One way in which this problem has been addressed is through the use of cathodic protection for the steel pipelines. In its simplest form, cathodic protection includes the use of a galvanic couple—i.e., the metal to be protected is electrically connected to another metal that is more anodic than the metal to be protected. The anode becomes sacrificial, giving up electrons in an oxidation reaction. In this situation, the metal to be protected becomes a cathode, experiencing a reduction reaction which protects the metal.
In the case of an underground steel pipeline, it has been common practice to bury an anode rod in proximity to the pipeline, and connect the rod and the pipeline together with an electrical conductor, such as a copper wire. Because these pipelines may remain in the ground for decades, and because the anode can, over time, experience significant deterioration, it is important to be able to determine if a particular anode remains an effective corrosion inhibitor for the pipeline. One way this is accomplished is by terminating the connection between the anode and the pipeline in a test box, sometimes called a “curb box”. The test box is usually located near the surface of the ground, and has a top cover which can be removed to provide access to the interior of the box. In the box, a wire leading from the pipeline is attached to a wire leading from the anode. By placing a volt meter in between these wires and measuring the voltage potential, the relative effectiveness of the anode can be determined. When it is determined that an anode has deteriorated beyond the point at which it continues to be effective to inhibit corrosion of the steel pipeline, a new anode is required.
In practice, the existing anode may be allowed to remain, while a second anode is installed. Although the electrical connection to the pipeline is made inside the test box, installing the anode in the ground can be very expensive, time consuming, and disruptive. One particularly onerous aspect of installing a new anode to protect an underground pipeline is the cost of the relatively large excavation project that is used to place the new anode in the ground near the test box. Test boxes are sometimes located in sidewalks, or along the edges of busy thoroughfares. In cases such as these, it is common for a municipality to require the purchase of a permit to break through the concrete or asphalt surrounding the test box. In addition to the purchase price of the permit, it may be necessary for the construction company to post a bond. Drawings of the proposed excavation and placement of the anode may need to be submitted, and additional fees are often required.

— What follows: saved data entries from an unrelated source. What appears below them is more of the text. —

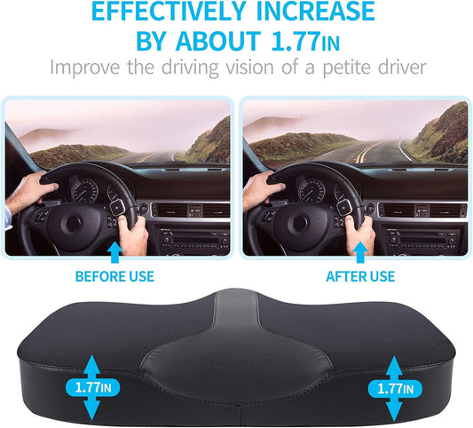 Leather Car Memory Foam Heightening Seat Cushion for Short People Driving, Hip(Coccyx/Tailbone) and Lower Back Pain Relief Butt Pillows, Adult Booster Seat for Car,Truck,SUV, Office Chair.
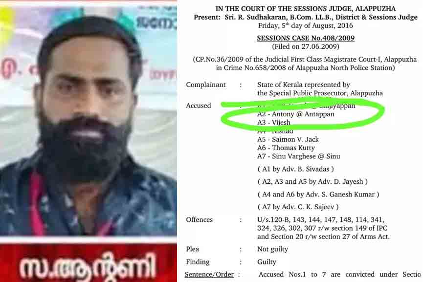 2008ൽ ആലപ്പുഴയിലെ സിപിഐ പ്രവര്‍ത്തകനായിരുന്ന അജു എന്നയാളെ കൊലപ്പെടുത്തിയ കേസിലെ പ്രതി ആന്റണി എന്ന ആന്റപ്പനെയാണ് ആലപ്പുഴ ആര്യാട് ഐക്യഭാരതം മേഖലാ വൈസ് പ്രസിഡണ്ടായി തിരഞ്ഞെടുത്തത്. സിപിഐ പ്രവര്‍ത്തകനായിരുന്ന അജുവിനെ കൊലപ്പെടുത്തിയ കേസില്‍ ആന്റണി ഉള്‍പ്പടെ ഏഴു പ്രതികളാണ് ഉണ്ടായിരുന്നത്.
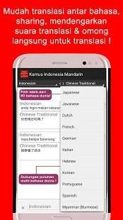 Aplikasi kamus Indonesia Mandarin merupakan aplikasi modern satu-satunya bagi anda yang apakah sedang belajar bahasa Mandarin (Tiongkok) ataupun bagi anda yang sudah mahir dan memerlukan kamus elektronik dimana juga mendukung pembacaaan (berbicara) jika anda menekan tombol dengan lambang speaker.
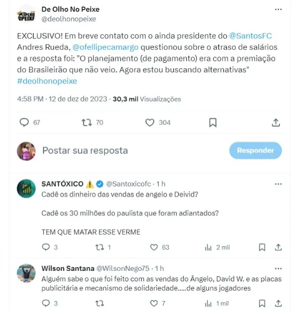“O planejamento (de pagamento) era com a premiação do Brasileirão que não veio. Agora estou buscando alternativas“, disse o presidente Andres Rueda em breve declaração ao De Olho no Peixe.
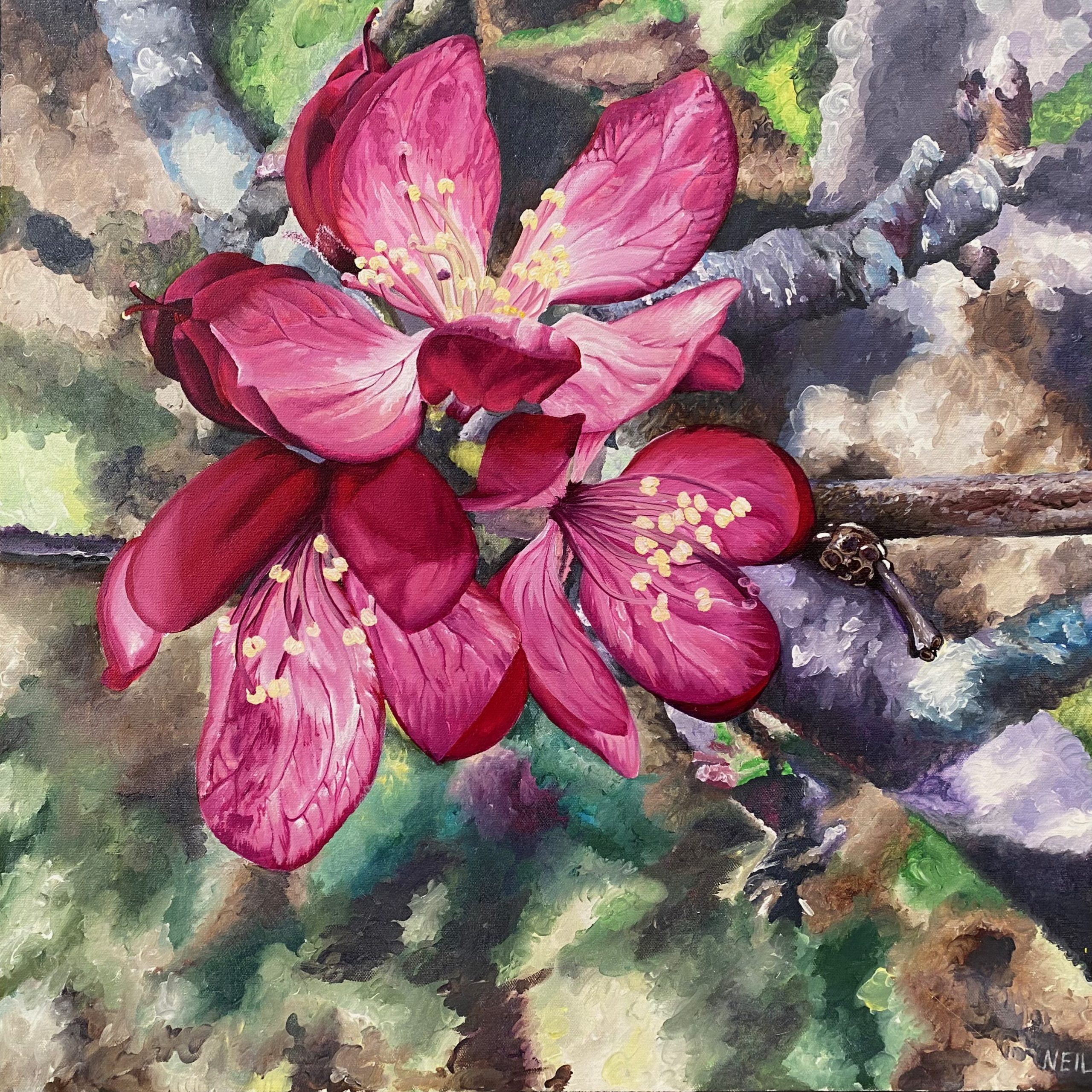 On the way up the hill, the council planted the most beautiful crabapple trees. When they loose their leaves, they aren’t much to look at, but in spring, there is nothing like them, they are absolutely packed with the most stunning flowers. The colour is so vibrant that no matter what I do, I cant seem to match the intensity of the pink! What a wonder the crabapple is, and such a gift to all who take the time to look at it.

The administrative costs for such a project in a large city, for example New York City, may total a thousand dollars or more. For a large utility, which may place hundreds of anodes along miles of pipeline each year, these costs represent a huge expense. In addition, there is the equipment required for the excavation project itself, which may include a jack hammer, or other impact device, and a backhoe, or other removal equipment, needed to dig the hole and remove the debris after the concrete or asphalt surface is penetrated. Such a project is not only expensive and time consuming for the company performing it, but is also disruptive to the public. A typical excavation to place an anode is loud, time consuming, and may cause traffic—pedestrian and/or vehicle traffic—to be rerouted, not only while the anode is being installed, but afterward during the time the newly-poured replacement concrete or asphalt sets-up.
Therefore, a need exists for a method for managing corrosion of an underground structure, and in particular a method for installing an anode for a steel pipeline that does not require destruction of a paved surface surrounding a test box, with all of its attendant costs and disruptions.